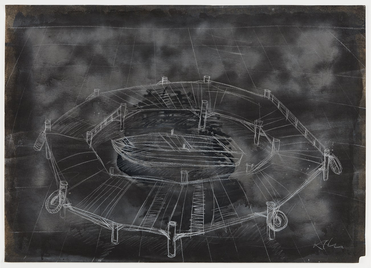 Unique watercolor and pastel drawing, on wove paper, framed.
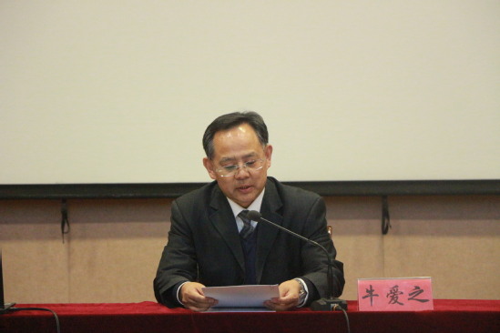 院党总支副书记、工会主席牛爱之作工会工作报告
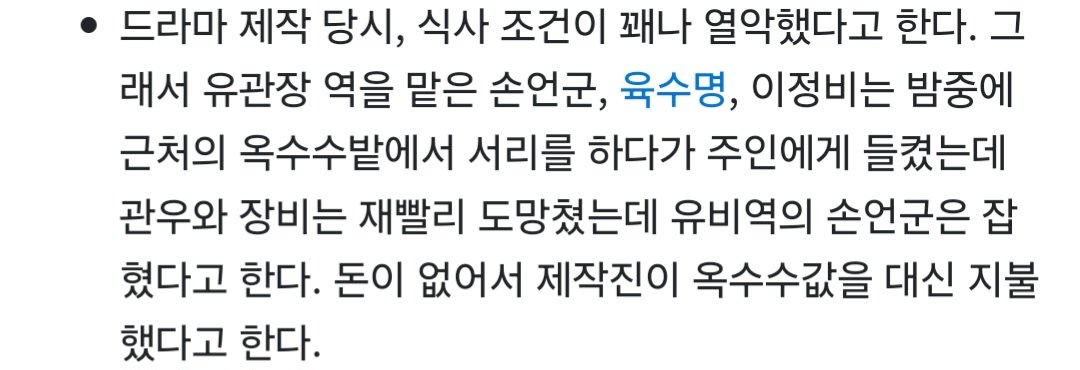 유비 장비 관우 배우가 옥수수 밭에서 배고파서 옥수수 훔쳐먹다가 들켰고
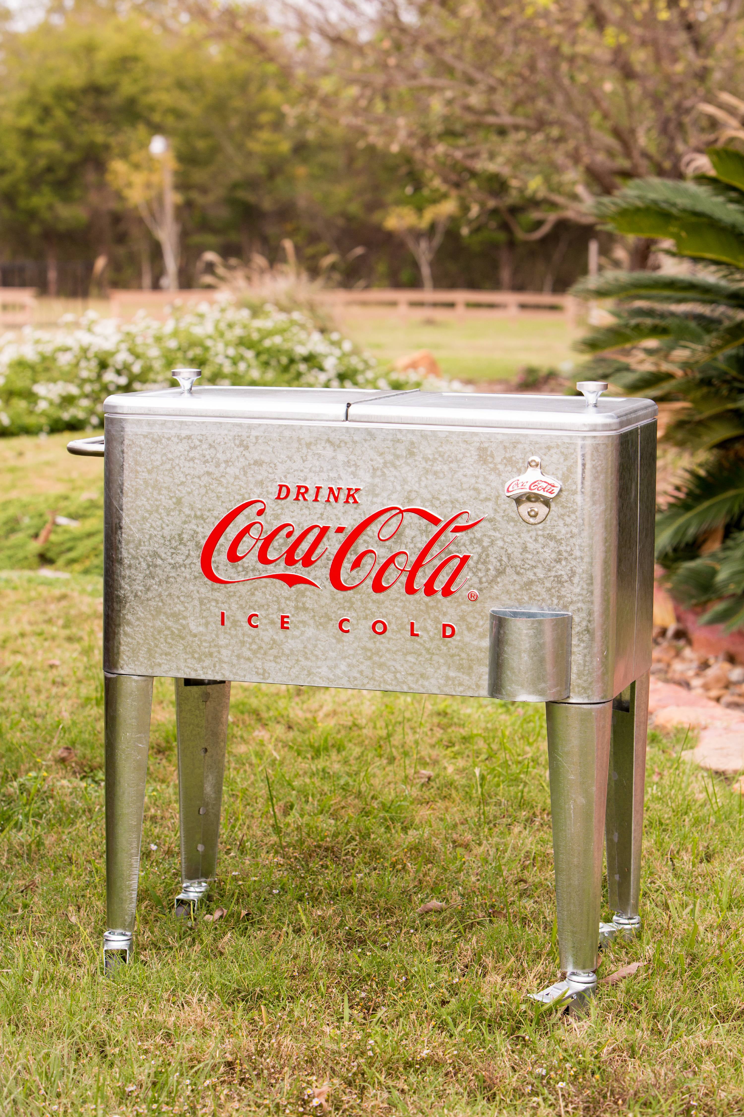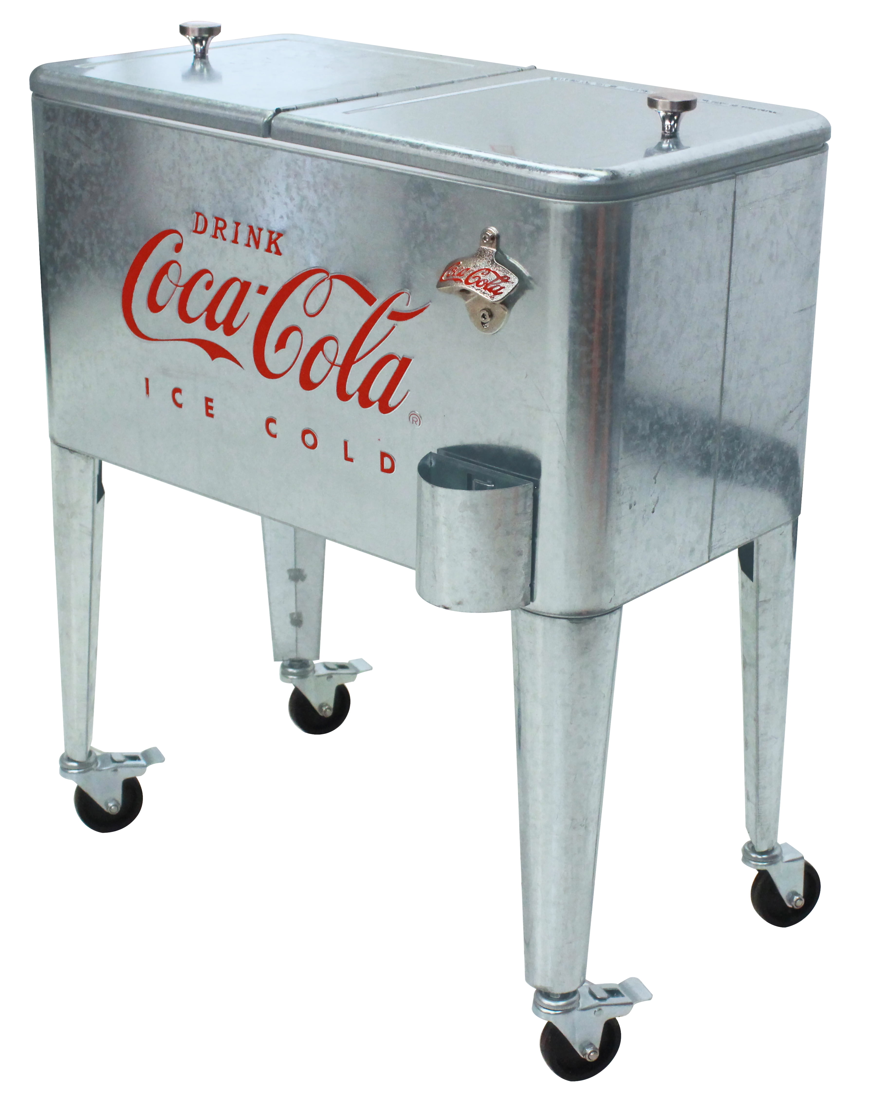 Get the party rolling with our Leigh Country CP 98104 Coca-Cola 60 Qt. Metal Outdoor Patio Cooler -in silver. Made of galvanized metal, with a Polypropylene liner and removable lids that open on both ends. It includes a stainless-steel towel bar, a heavy-duty bottle opener with the Coca-Cola logo, an attached cap catcher, with an attractive embossed old-school Coca-Cola logo in red, a drain plug. The lid has stainless-steel hinges. It’s a great way to take the party where you need it, and since the casters have brakes, it rolls only when you want it to.

◆ **What needs to be done**
Transcribe every line of the data exactly. No pictures go in the copy.

◆ **Response area**
 Unique watercolor and pastel drawing, on wove paper, framed.
 院党总支副书记、工会主席牛爱之作工会工作报告
 유비 장비 관우 배우가 옥수수 밭에서 배고파서 옥수수 훔쳐먹다가 들켰고
 Get the party rolling with our Leigh Country CP 98104 Coca-Cola 60 Qt. Metal Outdoor Patio Cooler -in silver. Made of galvanized metal, with a Polypropylene liner and removable lids that open on both ends. It includes a stainless-steel towel bar, a heavy-duty bottle opener with the Coca-Cola logo, an attached cap catcher, with an attractive embossed old-school Coca-Cola logo in red, a drain plug. The lid has stainless-steel hinges. It’s a great way to take the party where you need it, and since the casters have brakes, it rolls only when you want it to.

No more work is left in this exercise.